Now, in the quarter-horse programs, he is listed as trainer and Laura as owner. But actually, it's just the opposite.

"We don't have any other interests except horses," Laura said. "The quarter horses, that's our vacation. That's our hobby. They're a diversion for Wayne, a relief from the big pressure of thoroughbreds."

And what greater pressure exists for a trainer than trying to win a Triple Crown, horse racing's most coveted and elusive prize?

Lukas said yesterday that he's enjoying the ride. But after one reporter's question involving his rival, trainer Bob Baffert, Lukas briefly flashed the temper that erupted in 1997 over criticism of his running the overmatched Deeds Not Words in the Kentucky Derby. Then, during a 15-minute tantrum to a New York reporter, Lukas continually referred to reporters as "cockroaches."

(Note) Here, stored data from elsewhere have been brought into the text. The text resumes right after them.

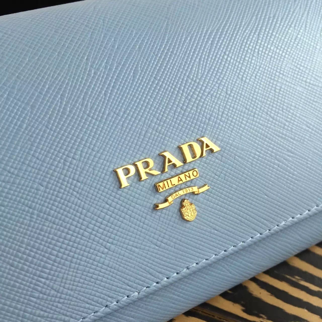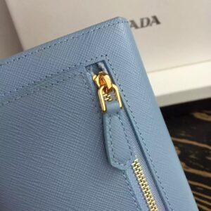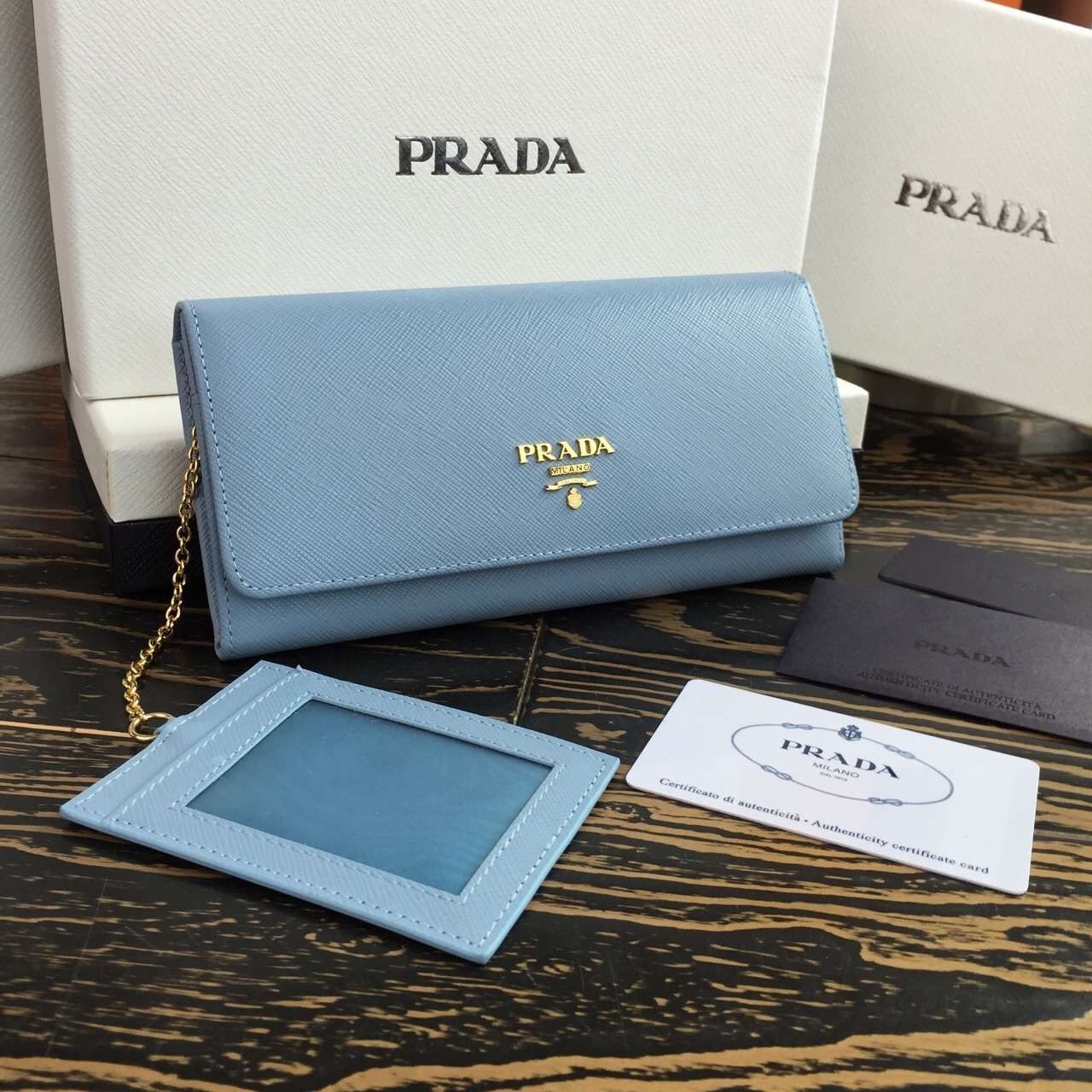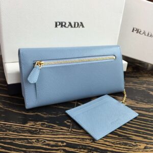 Prada Continental Wallet In Light Blue Saffiano Leather
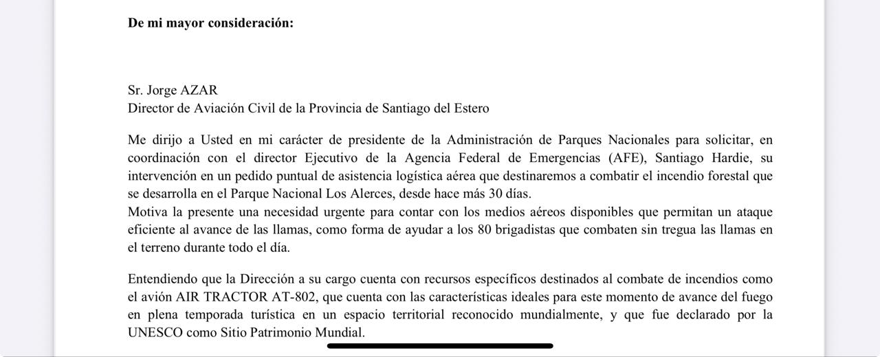 En otro de los párrafos de este pedido del estado nacional al gobierno de la provincia, especifican en el envío del avión AIR TRACTOR-802, indicándole al Director de Aviación Civil de la Provincia que: “entendiendo que la Dirección a su cargo cuenta con recursos específicos destinados al combate de incendios como el avión AIR TRACTOR-802, que cuenta con LAS CARACTERÍSTICAS IDEALES PARA ESTE MOMENTO DE AVANCE DEL FUEGO en plena temporada turística en un espacio territorial reconocido mundialmente, y que fue declarado por la UNESCO como Sitio Patrimonio Mundial”.
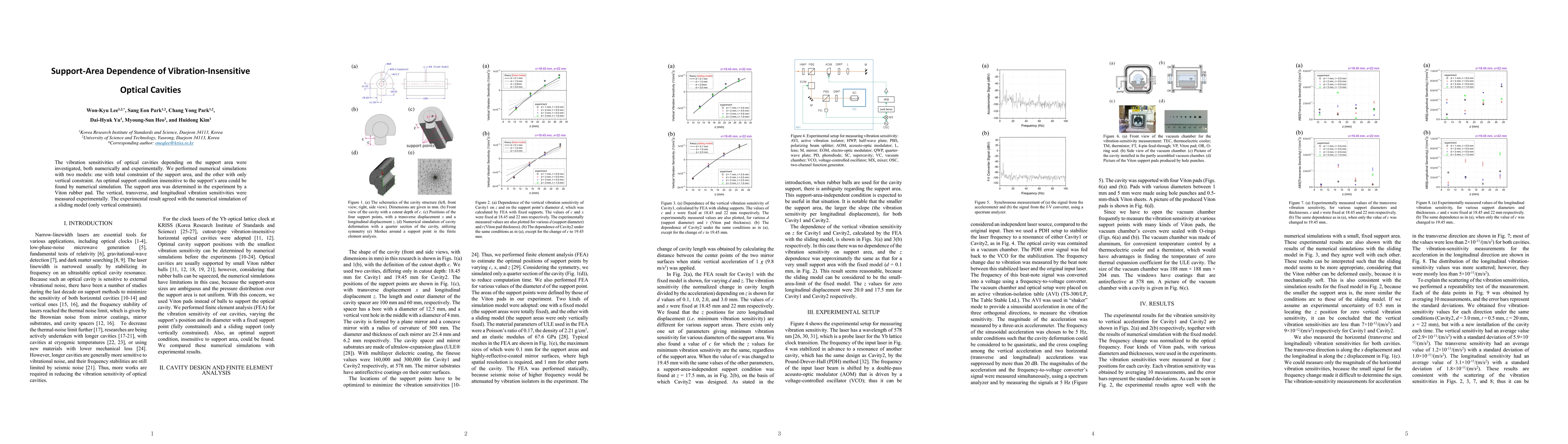 This paper investigates the vibration sensitivities of optical cavities based on their support area, using both numerical simulations and experimental validation. The study finds an optimal support condition that minimizes sensitivity to support-area size, confirmed through experiments using a Viton rubber pad and agreement between simulation and experimental results.
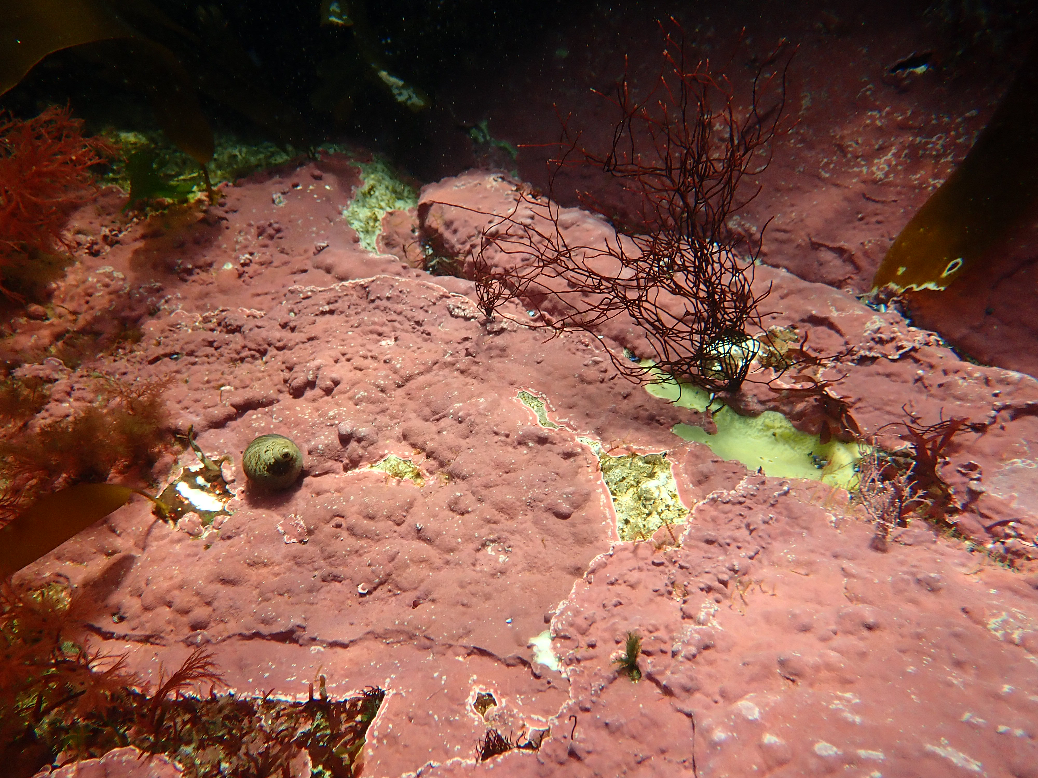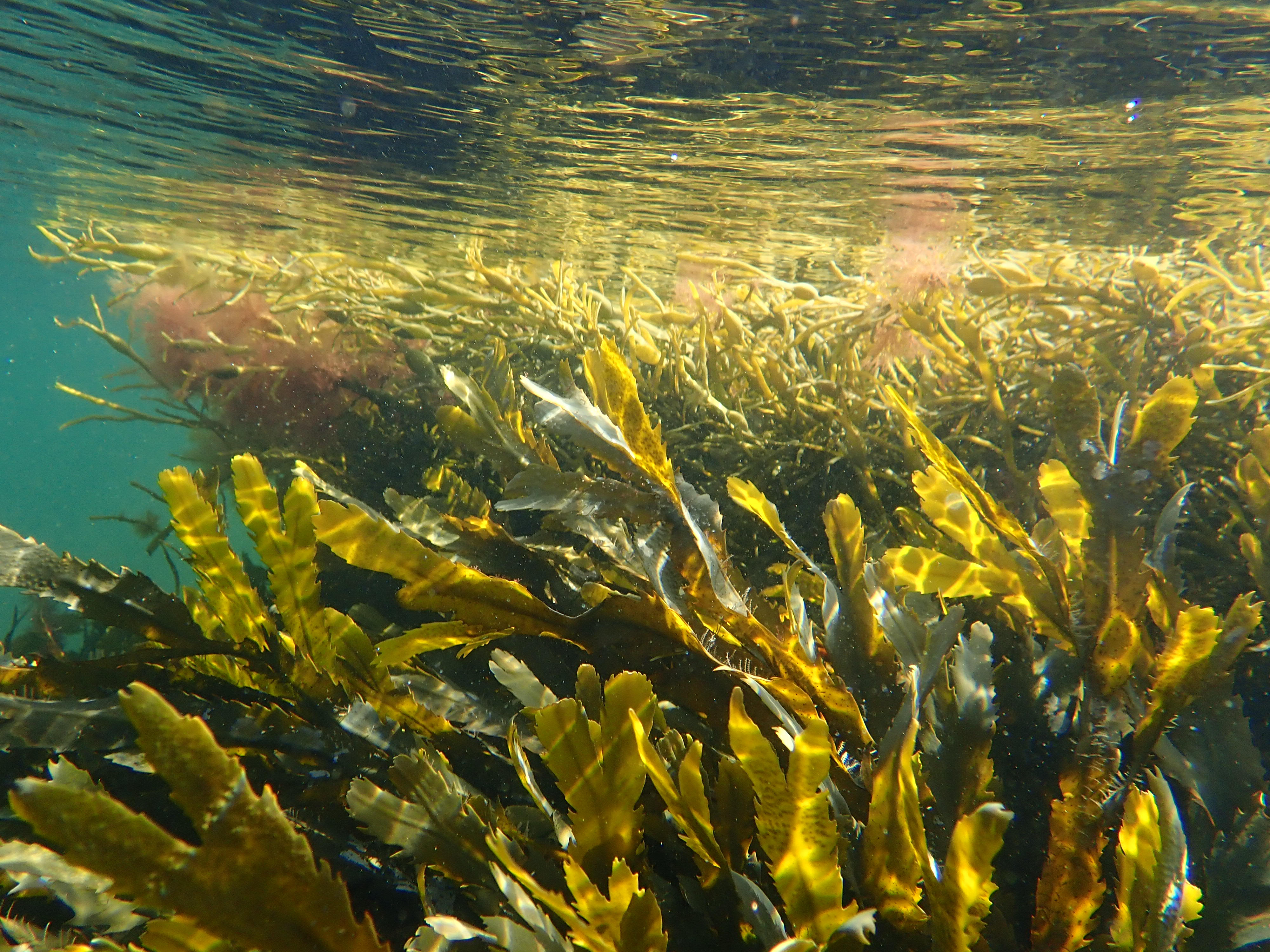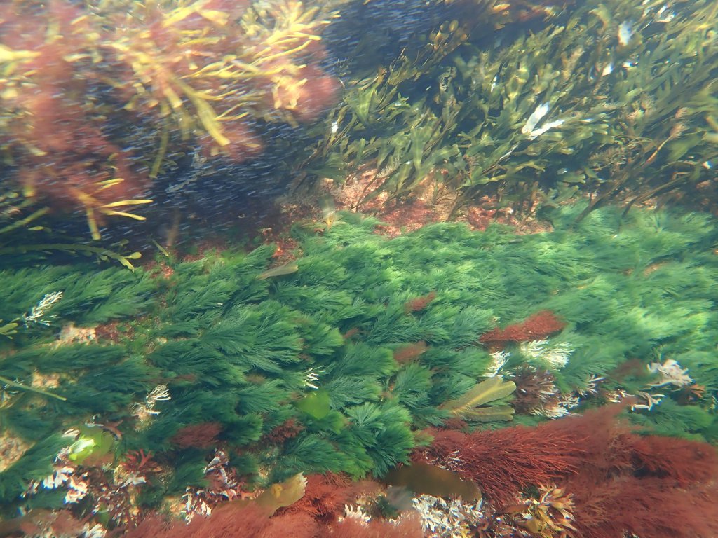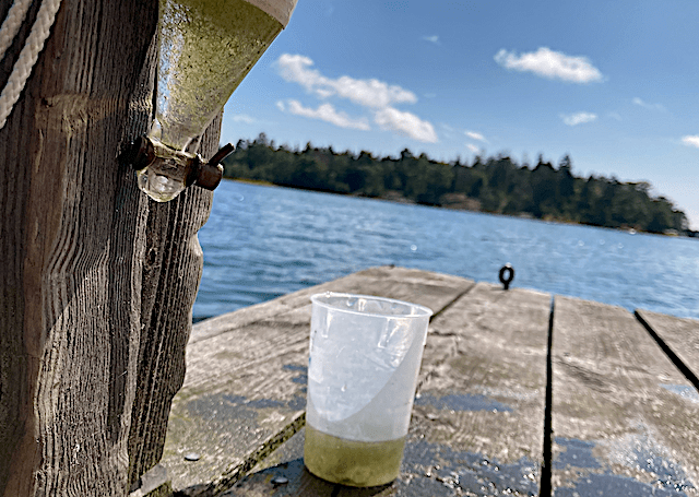 Alldeles vid den stora hamnen i Kapellskär finns en campingplats med badplats och härliga klippor där blåstången frodas. Ett första tecken på att vi närmar oss hösten syns nu. Det är att grönslicksbältet börjar någon decimeter under ytan. Det beror på att vattenståndet har stigit sedan grönslickens sporer satte sig fast strax under vattenlinjen i juni när det var högtryck. Nu när höstens lågtryck kommer in, stiger vattnet och grönslicksbältet hamnar djupare.
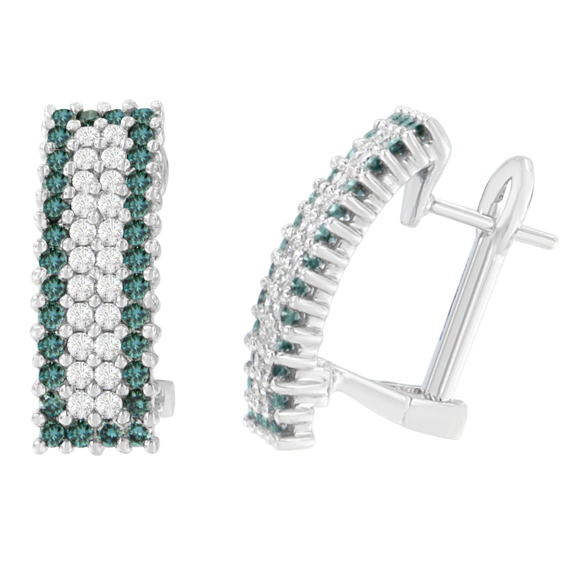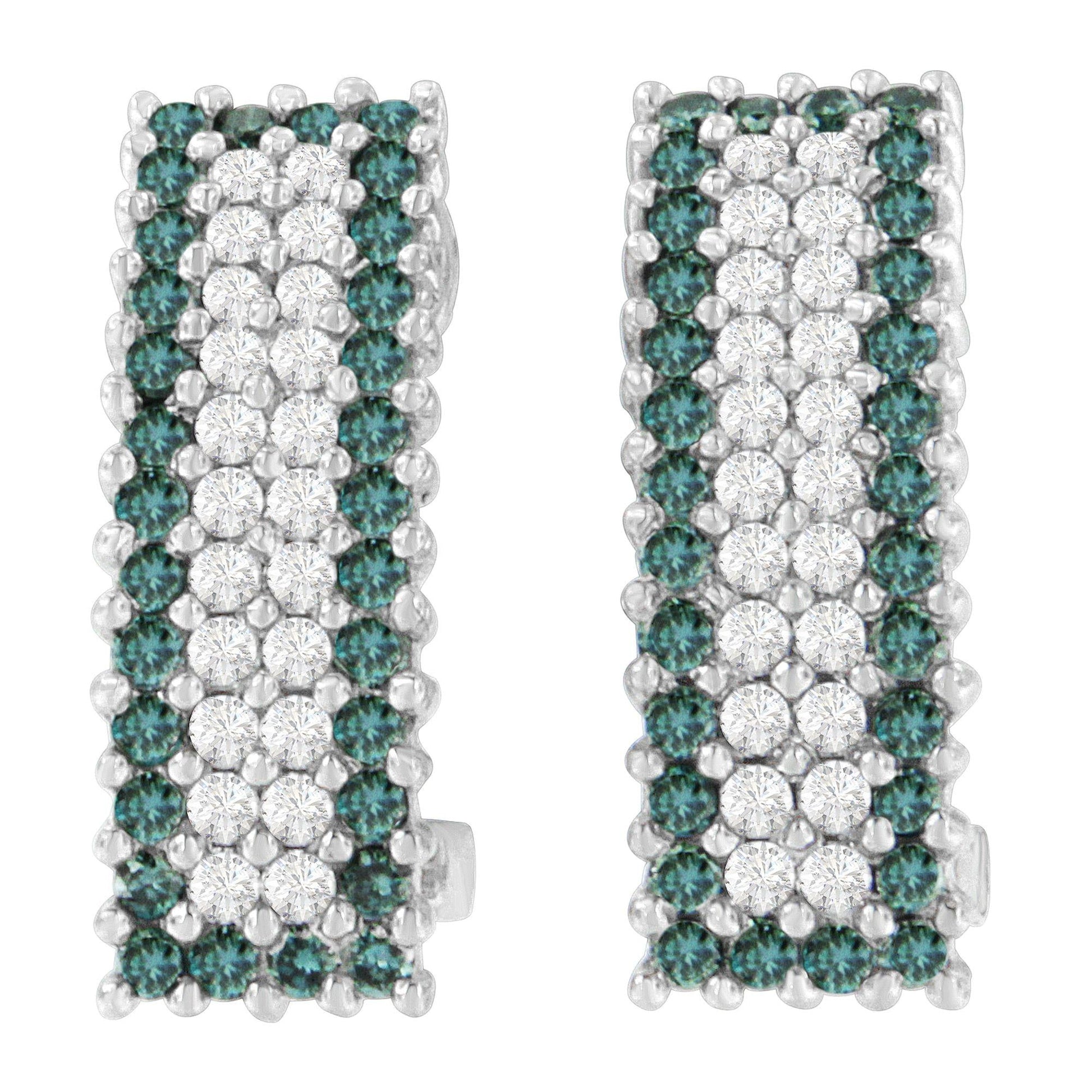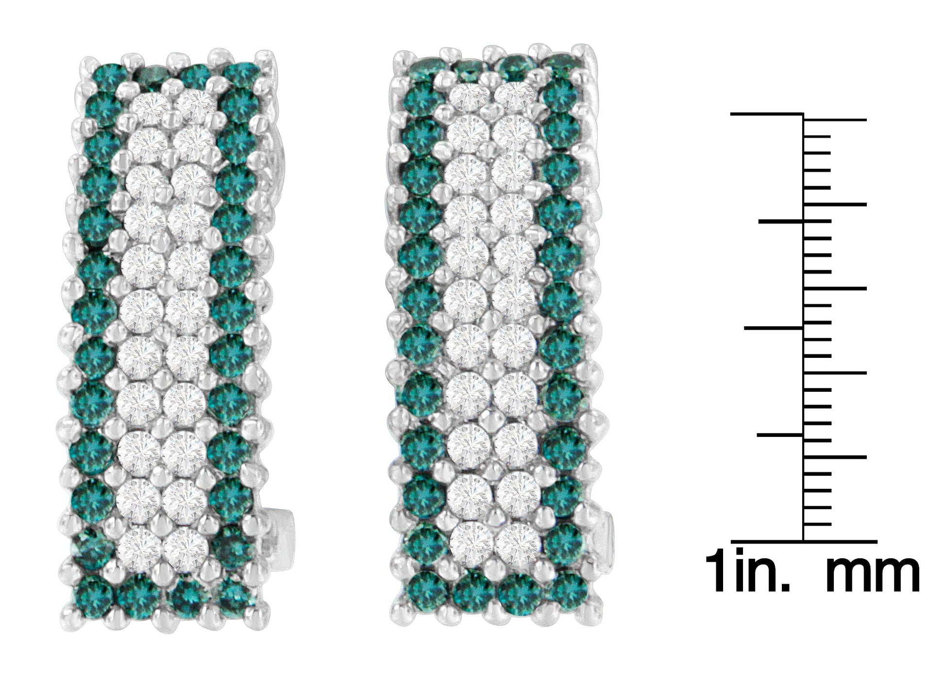14K White Gold 2 cttw White and Treated Blue Diamond Earrings (H-I, SI1-SI2)

Yesterday, a reporter asked Lukas what the reaction would be if he, and not Baffert, tried to block a Triple Crown by sending a filly into the Belmont. Baffert has said he plans on running the filly Silverbulletday in the race. Baffert ran another filly, Excellent Meeting, in the Kentucky Derby and Preakness. She finished fifth in the Derby, but gave up in the Preakness and didn't finish the race. She was not injured.

"You guys would have a field day," Lukas said. "The cockroaches would come right out of the woodwork.

"How about me running Excellent Meeting in the Preakness and having her eased? They'd have said, `Well, he couldn't stand to be out of the Preakness. And he ran the filly, and now he ruined her.' And I'd have been `the butcher.'

"I don't want to get into it, frankly. I'm trying to enjoy the spring. I don't need this aggravation at all."

Lukas said that Charismatic continues to thrive and that he is confident, although not cocky, the colt can win the Belmont. A victory would push Lukas' career earnings to more than $200 million, an astonishing feat considering that only one other trainer, the late Charlie Whittingham, has earned more than $100 million.

"That's a milestone," Lukas said of the $200 million. "That has never been done, ever, not even close. We're pretty proud of that number, because that is the bottom line. That turns the wheels."

That $200 million represents purse money to owners who then buy and breed more horses. The sales catalogs in Kentucky overflow with horses descended from stallions and broodmares who Lukas trained.